How the cost-effectiveness of land remediation is measured.

Cabinet, at its meeting on the 15th of August, agreed to a new method of calculating whether it would be cost-effective to remediate particular areas of land. This decision was made in association with decisions on the Kaiapoi Orange Zone, and was used for those decisions.

The method determines that land is not cost effective to remediate if the cost of remediation would be greater than the value of the land as set out in para 8.1 of the Cabinet Minute. While not the only criteria for deciding whether land is to be zoned Red or Green, the method does tackle the financial part which is the primary reason for the designations.

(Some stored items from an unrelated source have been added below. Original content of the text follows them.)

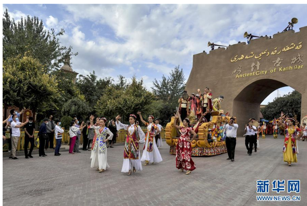
新疆喀什古城景区举行开城仪式，欢迎游客入城游览（9月11日摄）。

面对历史的重托、人民的期待，习近平总书记以强烈的使命感责任感，登高望远、运筹帷幄。
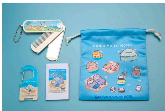
オリジナルノベルティ イメージ
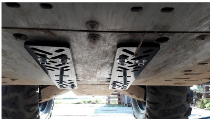
Obrázek č. 3: Hlavní desky montážní sady

Umístěte šrouby M12x35 do obdélníkových otvorů hlavních desek a připevněte desky pomocí svorek k trubkám valivého podvozku. Matice nechte volné.
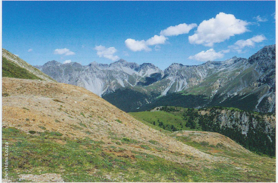
Abb. 3 Die Auswurfhalden und Ausscheideplätze auf Buffalora sind heute noch sichtbar.

des landwirtschaftlichen Areals war. Mit der Zeit entstanden auch Bergbausiedlungen: in S-charl eine ganzjährig bewohnte und in Buffalora, beim damaligen Passverkehrsstützpunkt, eine zumindest vom Frühjahr bis zum Wintereinbruch bewohnte Siedlung. Neben den Ochsen und Pferden für die Transporte hatten die Hüttenbetreiber das Recht auf Viehhaltung zur eigenen Versorgung.
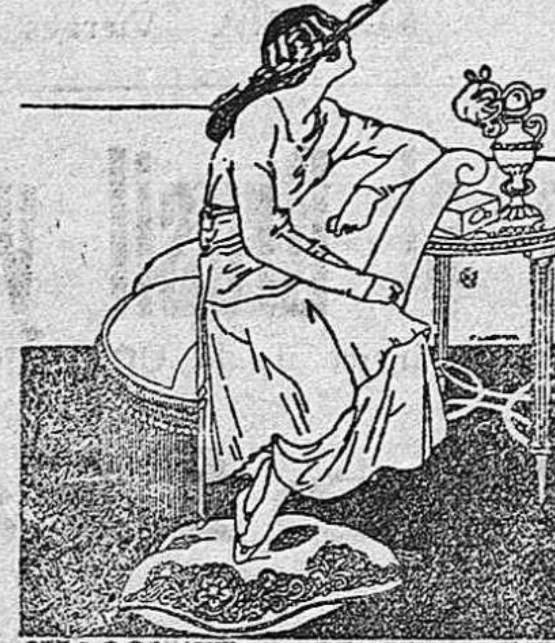
CHOCOLATE CON LECHE SVIZA

El único que gastan las personas distinguidas y que regala participaciones de la
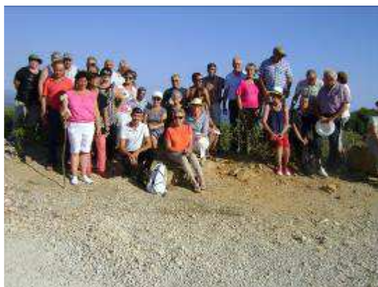
Le voyage sous le beau soleil de Marseille
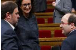
¿Iceta pedirá la cabeza de Junqueras ?
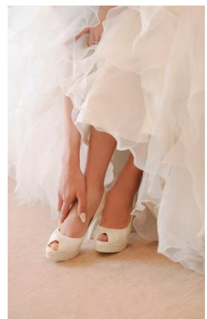
こだわりのアイテムで細部までコーディネート。

What follows is extracted from para 8.1 of the Cabinet Minute of the 15th of August. A copy can be downloaded here.
Determining the cost of remediation
This cost is determined by adding the first three items in the list, then subtracting the fourth.
  1.  Cost of land reinstatement to pre-September condition  plus
  2. The betterment cost (i.e. perimeter treatment and/or additional raising of land) plus
  3. Infrastructure replacement (see note 1) minus
  4. Decommissioning costs (infrastructure decommissioning and greening)
Determining cost effectiveness
  1. If the cost of the above exceeds the improvement in the value of the damaged land (see note 2), remediation is not cost effective.
  2. If the cost of the above is less than the improvement in the value of the damaged land, remediation may be cost effective.
Note 1: Includes the infrastructure within the Orange Zones required to service the sub-zone area of interest (and excludes the cost to repair infrastructure required to service surrounding Green Zones)
Note 2: Despite the recent earthquake events, properties are likely to have some land value left. We assume there is 10% of the land value remaining in the properties, as indicated by the Valuer General.
You can see how this was applied in the assessment of the Kaiapoi Orange Zones by looking at Paragraphs 9 - 14 on page 3 of the Cabinet Minute (here). The background information upon which the decision was made is contained in the Cabinet Paper here.

Anyone hoping to appeal a Green Zone ruling will need to check out how their property stacks up against this criteria, once the information becomes available. What may not be made known is how the figures are reached, and what margin of error attaches to them.